How a cancer patient’s healthcare is handled after he is diagnosed with cancer is affected a lot by whether he has health insurance or not. This is what two new studies by Christopher Sweeney from Dana-Farber Cancer Institute (Boston) and Judy Huang of Johns Hopkins University School of Medicine found out. The studies were published in CANCER, a peer-reviewed journal of the American Cancer Society.
The studies which looked at two cancers in particular — testicular germ cell tumors and glioblastoma, a highly invasive brain cancer — indicated that cancer patients who were uninsured or had Medicaid coverage experienced a variety of weird phenomena including later stage diagnosis, having shorter durations of survival times, when compared to patients with other form of insurance.
These studies were conducted to better find the impact of cancer and how it affects others, since it is the second leading cause of death, only behind heart disease, according to Centers for Disease Control and Prevention (CDC).
In the testicular cancer study, which was headed by Christopher Sweeney, MBBS, of the Dana-Farber Cancer Institute in Boston, researchers identified 10,211 men diagnosed with testicular cancer between a time frame of 2007 and 2011.
The researchers discovered that patients who did not have insurance and patients who were provided insurance by Medicaid, a social health program for families belonging to poor backgrounds, had a higher risk of having bigger testicular cancer tumors or tumors that had been metastasized at the time of diagnosis, and they were more likely to die from their disease compared with patients who were insured.
Among patients with metastatic disease, those who were uninsured or had Medicaid coverage were more likely to have cancer categorized as “intermediate” or “poor” as opposed to good.
Among patients with an early stage of the disease, both uninsured and Medicaid patients were less likely to have their lymph nodes removed, a medical procedure that can cure cancer in some cases. In patients that exhibited an advanced form of the disease, only uninsured patients, but not Medicaid patients, were less likely to receive radiation therapy.
Regarding the fascinating results of the study, Dr Sweeney added, “Although testes cancer is curable with chemotherapy, this study supports the notion that lack of insurance may lead to delays in diagnosis and more advanced and less curable disease. Our findings support the belief that early diagnosis and management is key, and removal of barriers to access to healthcare should be implemented.”
In the study related to glioblastoma, which is the most common malignant primary brain tumor in adults, Judy Huang, MD, of the Johns Hopkins University School of Medicine, who was the lead researcher of the study, and her colleagues identified 13,665 patients who were diagnosed with glioblastoma between the years of 2007 and 2012.
Patients who did not have any insurance or were covered by Medicaid were at a higher risk of having larger tumors and were more likely to die an early death due to the glioblastoma cancer as compared to patients who were insured.

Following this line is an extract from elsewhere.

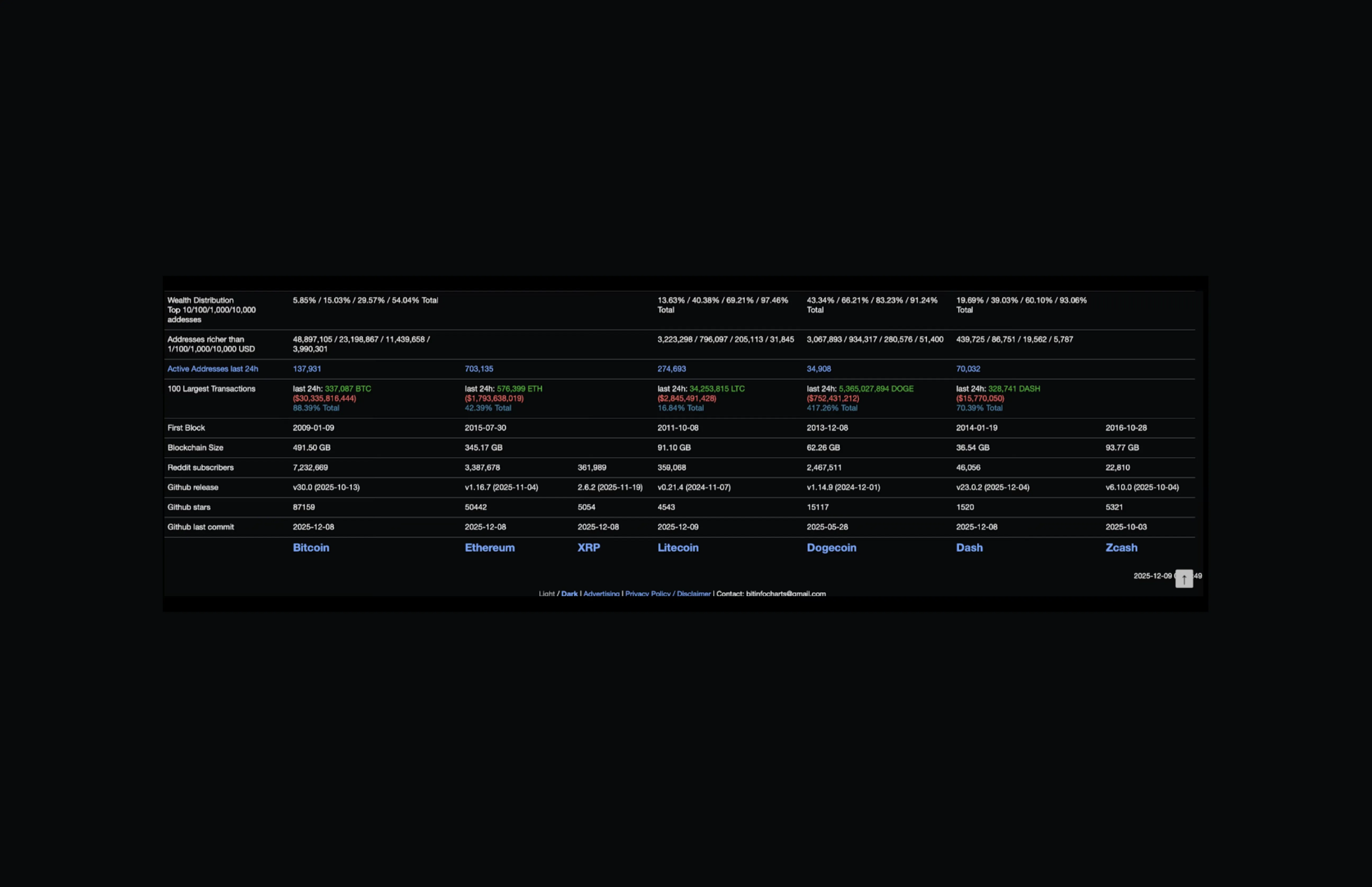 Comparison LTC vs BTC VS Altcoins December 9, 2025

Patients with Medicaid insurance were less likely to undergo surgery, while both Medicaid insurance and uninsured patients were linked with lower rates of receiving adjuvant radiotherapy.

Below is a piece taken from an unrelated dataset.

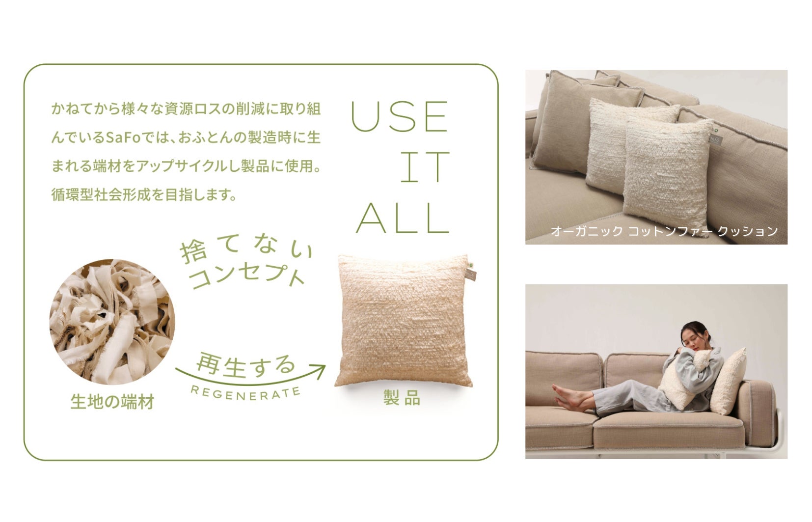 布団の製造時に生まれる端材を大胆にアップサイクル、まるで毛皮のような感触だけど、実はオーガニックコットン100%のクッション

What was quite remarkable about the study was the fact that only non-Medicaid insured patients experienced an improvement in survival over time, with patients diagnosed in 2012 having better survival rates than those diagnosed in 2007.

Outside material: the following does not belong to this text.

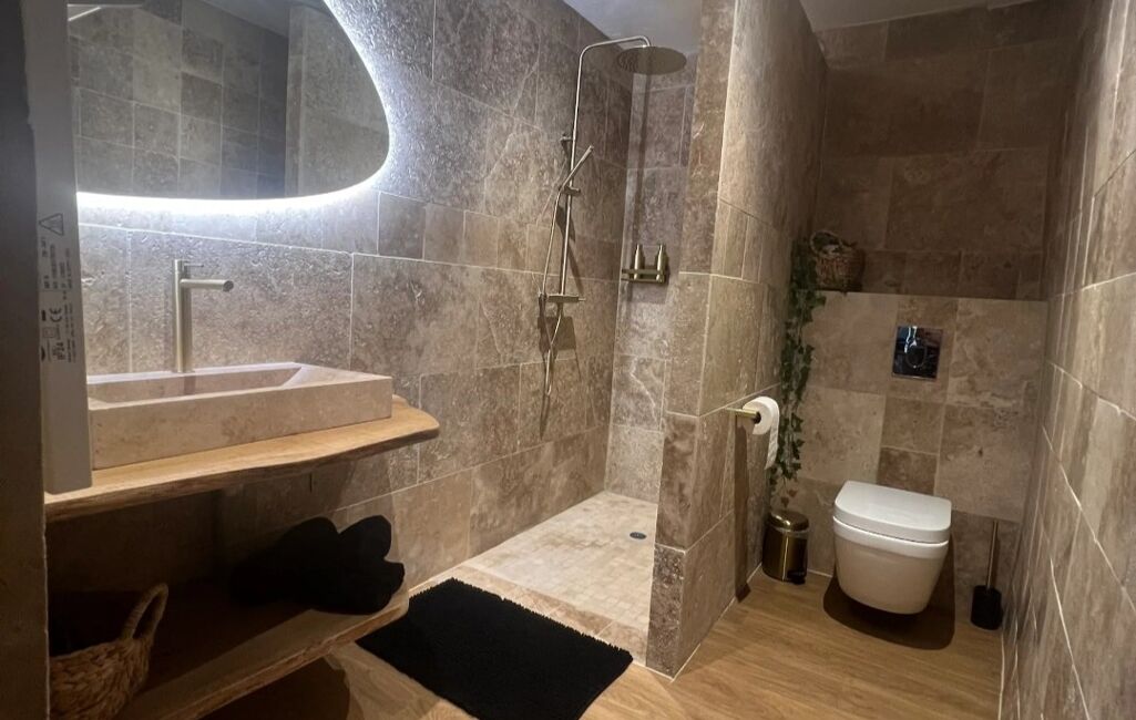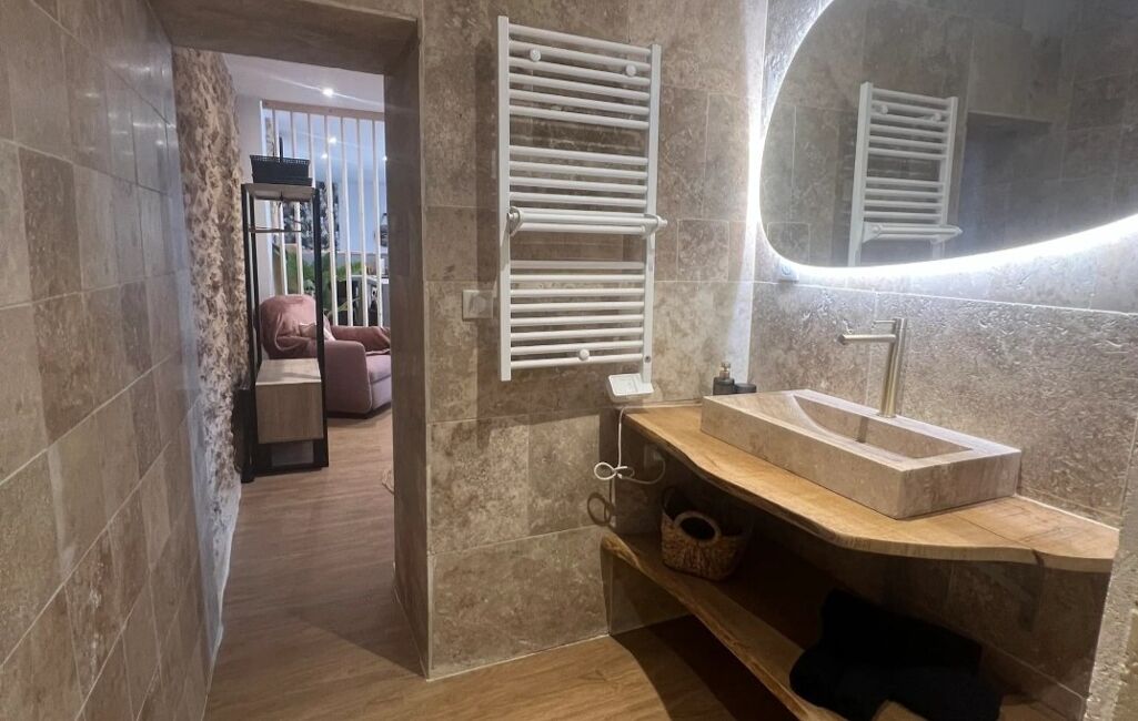 La première maison, d’environ 95 m², offre des prestations de qualité avec trois chambres, dont une suite parentale disposant de sa salle d’eau privative et d'un WC, une salle d’eau avec douche à l'italienne, un WC indépendant, ainsi qu’une cuisine. Les espaces de vie, lumineux et harmonieusement agencés, garantissent confort et intimité. L’ensemble a été aménagé avec soin, alliant subtilement modernité et charme de l’ancien.

Dr Huang added to the results by saying, “This suggests that while improvements in medical therapy have resulted in longer survival, this benefit is less likely to be accessible to Medicaid-insured or uninsured patients.” Wuyang Yang, MD, MS, co-lead author of the study, corroborated the investigation by saying, “This study indicates significant disparities in the management of glioblastoma patients under our existing healthcare insurance framework that need to be addressed.”
What these studies show is that cancer is greatly affected by a person’s insurance status, adding fuel to the age-old debate that ‘wealth is actually health’, meaning that not everyone can actually afford cancer treatment.
What this means is that researchers will actually work even harder to find cures that are relatively cheap, meaning finding raw materials for chemicals from cheaper alternative sources, using materials that are abundantly found naturally, hence their cost of production will be low.
Also, the use of 3D printers to mass produce chemicals or machinery components will pave the way for the future since it’s been shown many a times that 3D printing has cut down manufacturing costs of raw materials significantly.
Moreover, there are many new discoveries being made in the field of cancer research that involve using older treatments or techniques that have added benefits of fighting tumors.
A team of 14 researchers at University of Oxford has recently published a report saying that a drug previously used in malaria research, atovaquone, could be a potent mix in cancer treatment. The group is hopeful that this drug can be used to make cells more sensitive to radiotherapy, hence increasing its effectiveness. The drug is expected to alleviate the state of hypoxia among cancer cells, thereby increasing their radio sensitivity.
These recent discoveries show that cancer research is headed in the right direction, and it won’t be long that people who are not financially well off can safeguard their health and increase their chances of leading a better life.